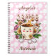 Cute Retro Kawaii Coffee and Flowers Personalised Notebook
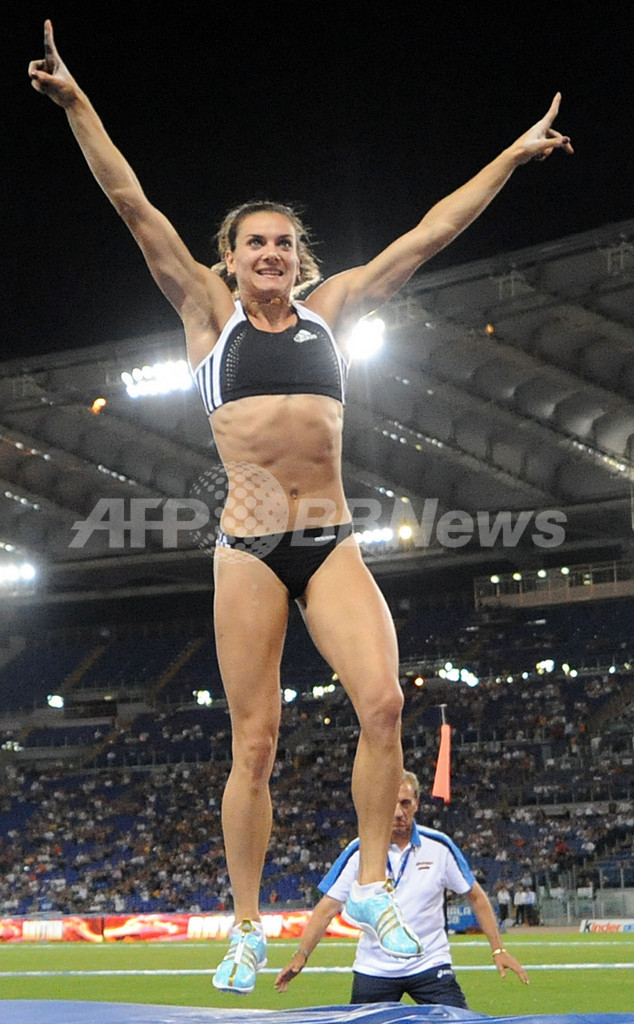 【7月12日 AFP】陸上・女子棒高跳びの世界記録保持者エレーナ・イシンバエワ(Yelena Isinbayeva、ロシア)が11日、イタリア・ローマ(Rome)で行われている陸上のゴールデン・リーグ2008(IAAF Golden League 2008)第3戦、ゴールデンガラ(Golden Gala Roma)で自身が2005年8月にヘルシンキ(Helsinki)で記録した世界記録5メートル01を更新する5メートル03の世界新を記録した。
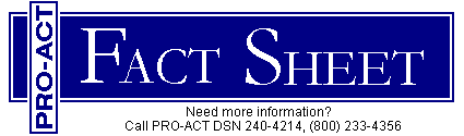 If your desire more information on the disposal of fluorescent light tubes and lamp ballasts, and HID lamps or on the Green Lights program, you can contact PRO-ACT at DSN 240-4214 or (800) 233-4356. Our fax number is DSN 240-4254.
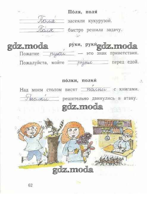 ГДЗ решение к заданию № 62 Русский язык 1 класс рабочая тетрадь Иванов С.В. Вентана-граф 2016 Часть 1, Часть 2 ФГОС бесплатно на гдз.мода!
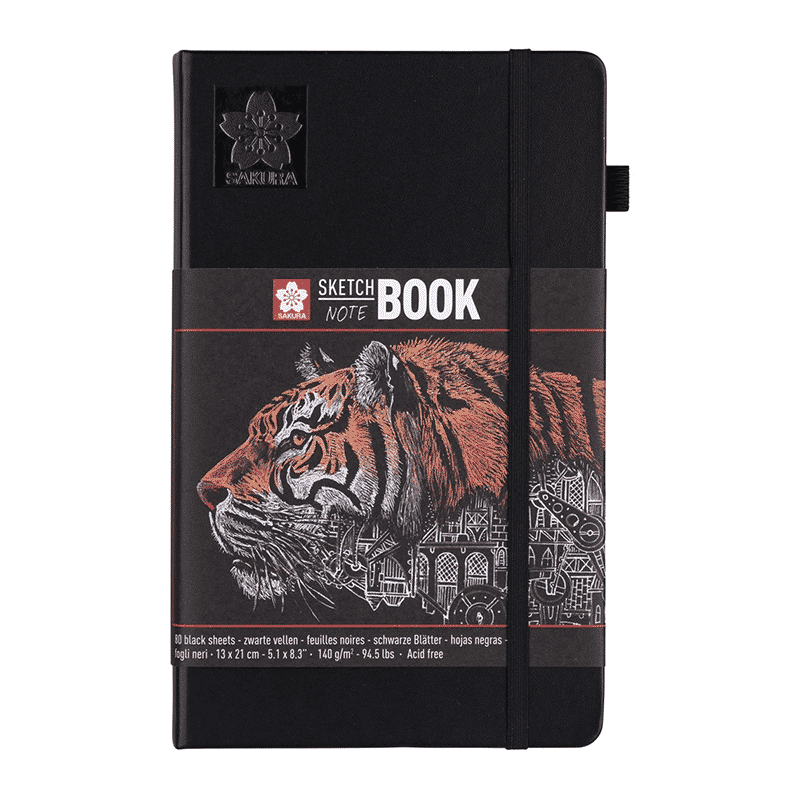 Sakuran kovakantiset luonnoskirjat sopivat erinomaisesti luonnosteluun, piirtämiseen ja kirjoittamiseen monenlaisilla tekniikoilla kuten lyijykynillä, värikynillä, pastelleilla, hiilellä, tusseilla, vesiväritusseilla ja geelikynillä. Kirjan sivussa on kynäteline ja takakannessa laajennettava kirjekuori luonnosten ja muistiinpanojen säilyttämistä varten. Joustava sulkunauha kirjan ympärillä varmistaa, että kirjasi pysyy siististi suljettuna ja kompaktina. Kirjassa on 80 mustaa arkkia 140/gm2 hapotonta paperia. Kirjan koko on 13x21cm.
______
WORK ITEM
Return exactly the part of the listing above that opens with the line containing "If your desire" and closes with the line containing "ГДЗ решение к". Pictures stay out.

RESPONSE TO THIS EXERCISE
 If your desire more information on the disposal of fluorescent light tubes and lamp ballasts, and HID lamps or on the Green Lights program, you can contact PRO-ACT at DSN 240-4214 or (800) 233-4356. Our fax number is DSN 240-4254.
 ГДЗ решение к заданию № 62 Русский язык 1 класс рабочая тетрадь Иванов С.В. Вентана-граф 2016 Часть 1, Часть 2 ФГОС бесплатно на гдз.мода!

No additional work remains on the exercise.